Last week, immigrant communities and local law enforcement were thrown into chaos when news broke on Friday of immigration enforcement actions.
While US Immigration and Customs Enforcement (ICE) framed the operation as “routine enforcement actions,” word of the raids moved with lightning speed across the country and local organizations sprung into action. Ttwitter feeds were quickly overwhelmed by reports of raids — some confirmed, some not.
To be clear, the National Immigration Forum has always been in support of the detention and deportation of violent criminals, drug dealers and others who have been convicted of serious crimes. We have long advocated for the prioritization of valuable law enforcement resources on precisely these types of individuals who are a threat to the public.
But when ICE fails to provide transparency and leaves local officials in the dark, the administration is only creating chaos that undermines local law enforcement.
Which takes us back to Trump’s EO on Interior Enforcement of Immigration Laws. As the Forum had stated in our summary, “This order dramatically expands enforcement priorities to encompass not only those with convictions for “any criminal offense” (both serious and minor), but also individuals charged with any offenses…”
To put it more simply, in the eyes of an ICE agent, the undocumented violent criminal is the same priority as the undocumented landscaper.
So when an ICE official tells the Washington Post that operations in urban areas serve as, “a target-rich environment,” it is not surprising to see reports of collateral arrests of undocumented immigrants who were not an enforcement priority under the previous administration.
Which only increases the fear and confusion in communities.
What does this all mean?
Well, it means Trump’s Interior Enforcement EO is coursing through the system. Whether or not it reaches the full implementation potential of deporting up to 8 million undocumented immigrants as the LA Time’s Brian Bennett calculated, the EO has given ICE officers new power to spend the billions of dollars of resources they sit on. (The Dallas Morning News also has a good summary.)
What remains to be seen is how broader America reacts to the collateral consequences of the enforcement actions.
To a large degree, the refugee resettlement EO was called into question by the large numbers of native-born Americans who streamed to airports for spontaneous rallies.

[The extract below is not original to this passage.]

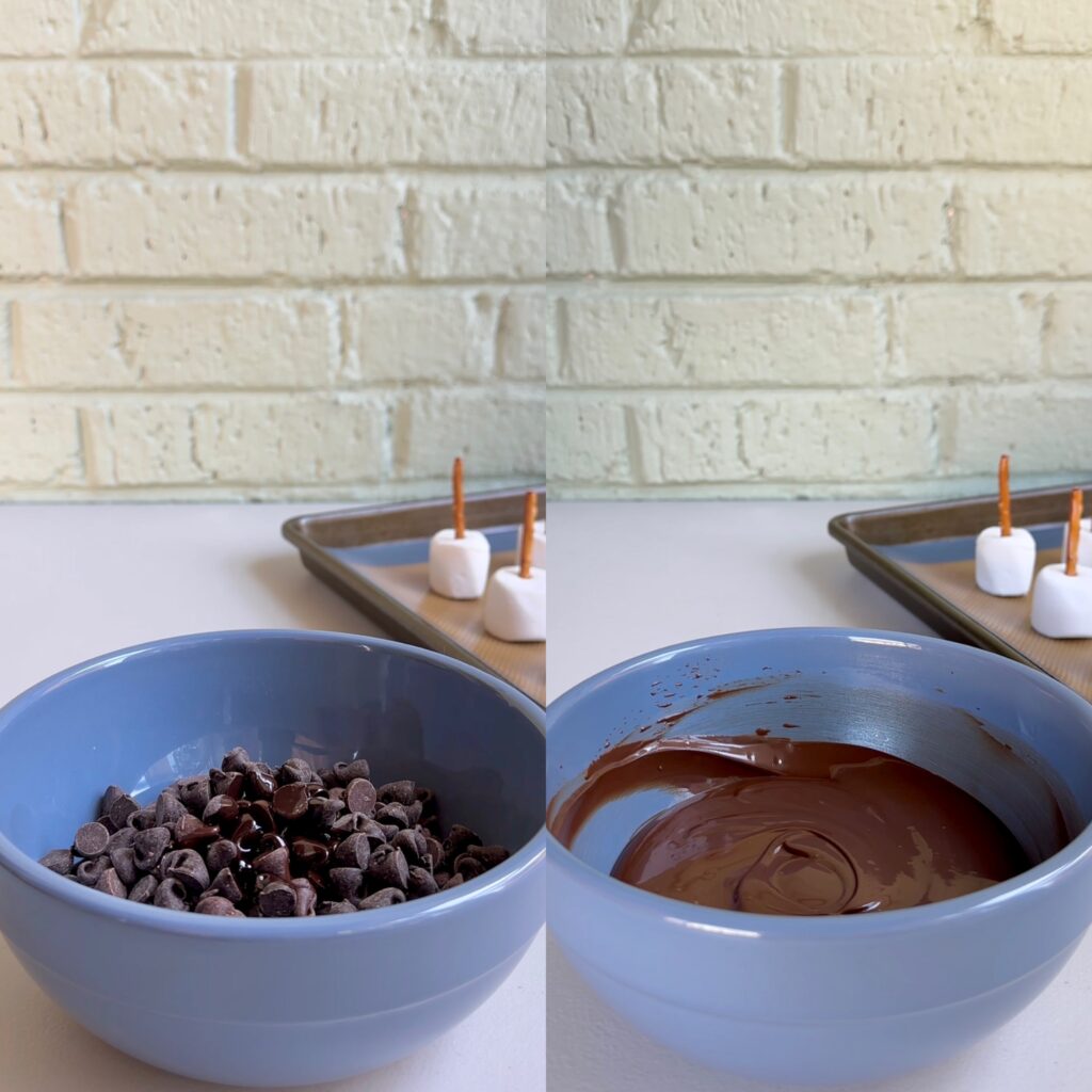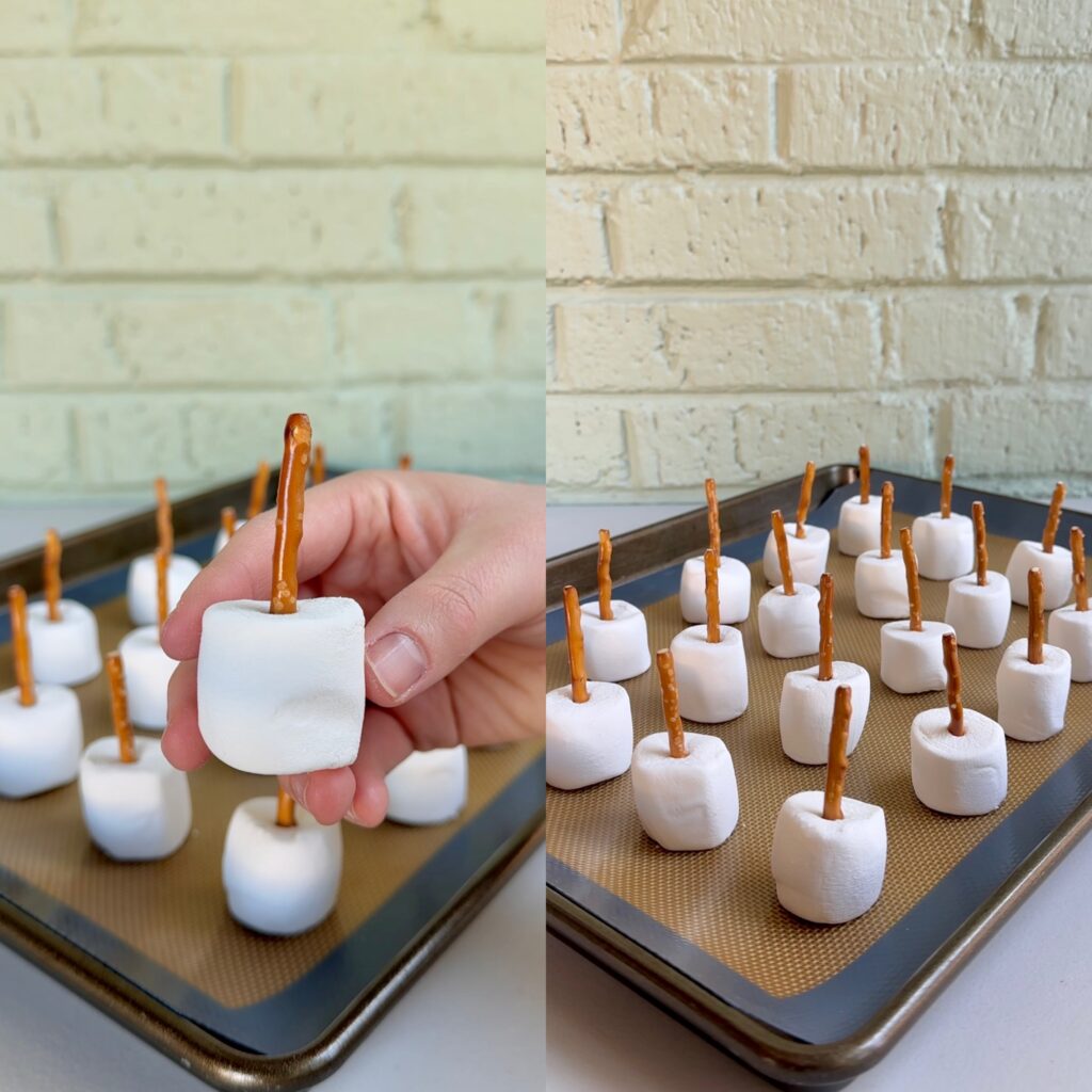 - Insert a pretzel stick into the top of each marshmallow, then place them on a baking sheet with parchment paper or a silicone baking mat.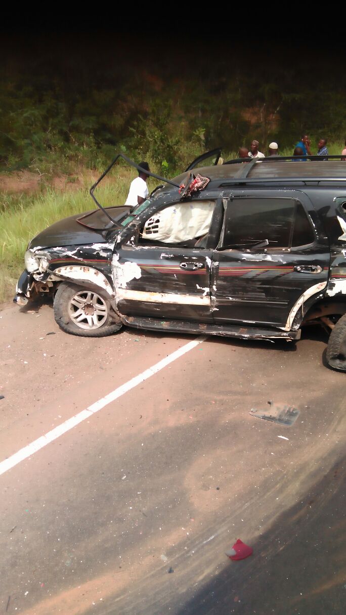 According to an eye witness, the driver of the bus with registration number AS 8823 – 10 was grazed by a Toyota V8 Sequoia with registration number GT 170 – 15 in his attempt to avoid hitting a man identified to be a lunatic.

In the case of the weekend’s enforcement actions, the “rule of law” complicates the picture for many Americans. An indication of how incredibly difficult the political environment has become.
What I would venture is that the debate has been partitioned into three segments.

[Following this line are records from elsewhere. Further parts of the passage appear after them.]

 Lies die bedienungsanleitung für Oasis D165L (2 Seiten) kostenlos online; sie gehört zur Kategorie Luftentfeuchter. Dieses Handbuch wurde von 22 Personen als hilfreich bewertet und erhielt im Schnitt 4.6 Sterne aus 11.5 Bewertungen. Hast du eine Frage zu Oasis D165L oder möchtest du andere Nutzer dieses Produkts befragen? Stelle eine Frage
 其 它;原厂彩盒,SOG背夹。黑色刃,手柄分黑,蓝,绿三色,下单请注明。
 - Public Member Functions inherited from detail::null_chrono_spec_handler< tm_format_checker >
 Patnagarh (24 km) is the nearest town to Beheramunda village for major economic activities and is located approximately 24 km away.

At the most appealing end of the spectrum are DREAMers, highly-skilled immigrants and refugees. At the “just shouldn’t be here” end of the spectrum, are those who have committed violent crimes.

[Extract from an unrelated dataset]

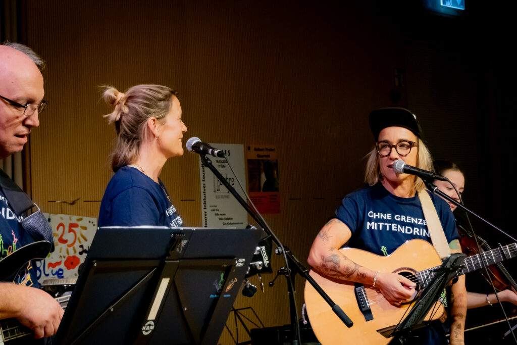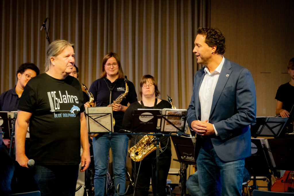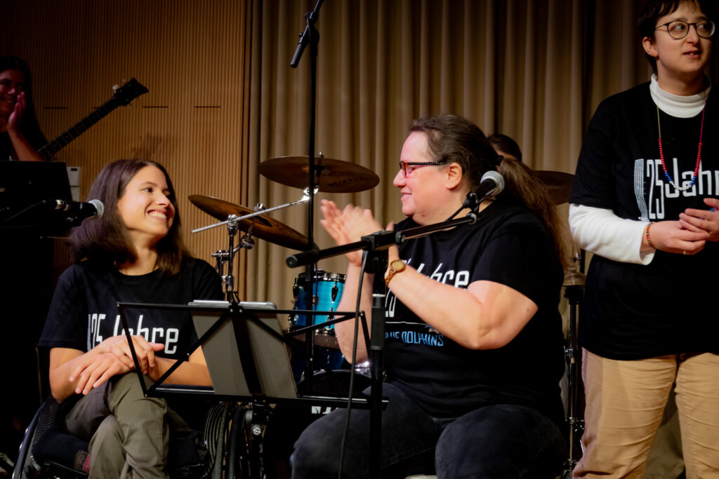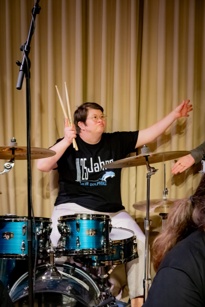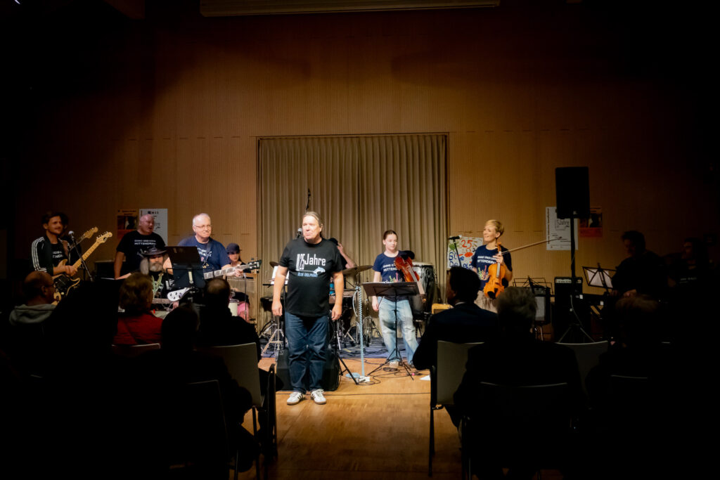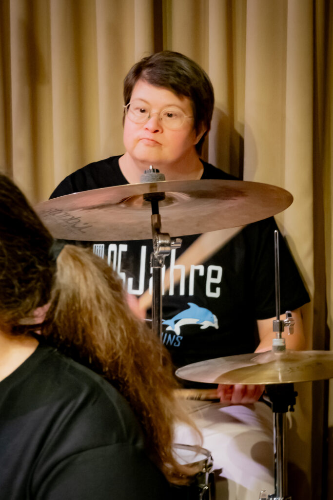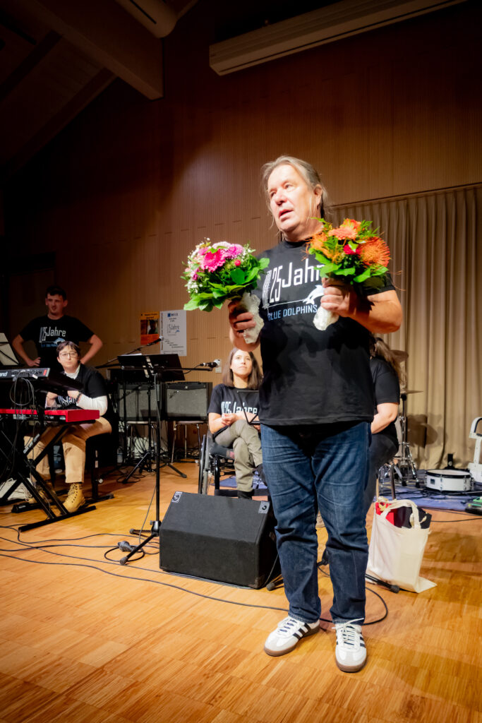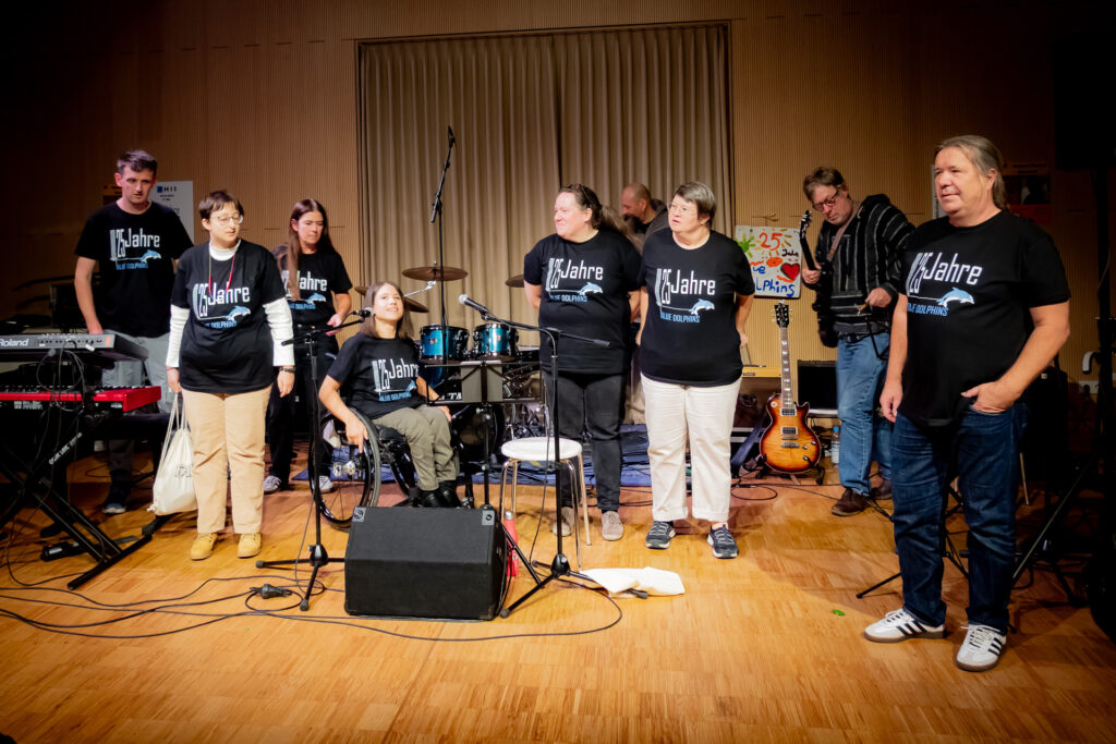 Die Blue Dolphins haben in ihren zweieinhalb Jahrzehnten schon viel erlebt. Zwei CDs wurden aufgenommen, den Tassilo Kulturpreis der SZ haben sie 2012 gewonnen und neben vielen kleineren Auftritten waren sie schon auf verschiedenen inklusiven Festivals in ganz Bayern unterwegs. Und so lag es nahe, selbst zu diesem Anlass auch ein Festival zu veranstalten. Schon mittags reisten die Bands an, man probte, kam zum Mittagessen zusammen und sah sich alte Bilder und Zeitungsausschnitte an. Die Fürther, die selbst schon erfahrene Soundfestivalveranstalter sind, kamen mit zwei Bands, die den Altersschnitt deutlich in eine jüngere Richtung zogen. Alle Neune, eine Band, in der die meisten Musiker ein Handicap haben und cold fire, eine junge Band der Musikschule Fürth, gingen dann auch erstmal zusammen auf die Bühne und zeigten, wie man das macht – einfach mal gemeinsam spielen und das Publikum begeistern. Die Kombi aus drei Saxophonen, Querflöte und Cello zu den üblichen Band-Instrumenten machte das zu einem besonderen Highlight. Nach einigen Liedern rockten dann cold fire ein paar Songs ohne die anderen, um dann zum Schluss ihres Auftritts aber wieder gemeinsam für Stimmung zu sorgen. Mit den Kulturbanausen der Musikschule Ismaning kamen noch mehr alte Bekannte – erst letztes Jahr hatte man sich dort zum „Ohne Grenzen mittendrin!“ getroffen und gemeinsam musiziert. Da wurden dann alte Klassiker präsentiert, manche davon mit neuem Text oder einfach auch mal mit Impro-Gesang. Und jeder der dabei war weiß – das Wort des Abends war „Heidelbeerjoghurt!“. Einfach genial. Zwei Gaststimmen hatten sie für das letzte Lied auch noch dabei. Das Gesangsduo Eli & Tina überraschte alle mit ihrem Song „Dabei“, das sie extra für die Kulturbanausen ein wenig umgeschrieben haben. Den Abend abschließen durften dann endlich die Blue Dolphins. Zuvor verteilte aber Clemens Wiedemann noch ein paar Geschenke, denn ohne die guten Geister im Hintergrund einer Musikschule, läuft gar nichts. So gab es Blumen für die Damen vom Büro, Nathalie und Johanna, und Herzerlwurst für unseren Hausallrounder Hans. Und als dann Clemens, als Leiter und Gitarrist der Blue Dolphins, endlich auch den Capo auf dem richtigen Steg sitzen hatte, konnten sie loslegen. Man merkt einfach, dass die neun Musikerinnen und Musiker zusammengewachsen sind – jeder Song klappte. Na gut – fast – aber das hat wahrscheinlich nur die Band selbst mitbekommen, denn hinten wurde getanzt, vorne geklatscht und auf der Bühne lauter strahlende Gesichter. Zwei Zugaben mussten es dann sein. Verdient und bejubelt.

Left in the middle are millions of immigrants working and contributing, often without legal status.
The interior enforcement EO will have massive implications for this population. Between the expansion of enforcement resources to the elimination of prioritization, these are the immigrant families most vulnerable.
Yet, these are the immigrant families the majority of Americans have come to know.
The question is, will they be remembered?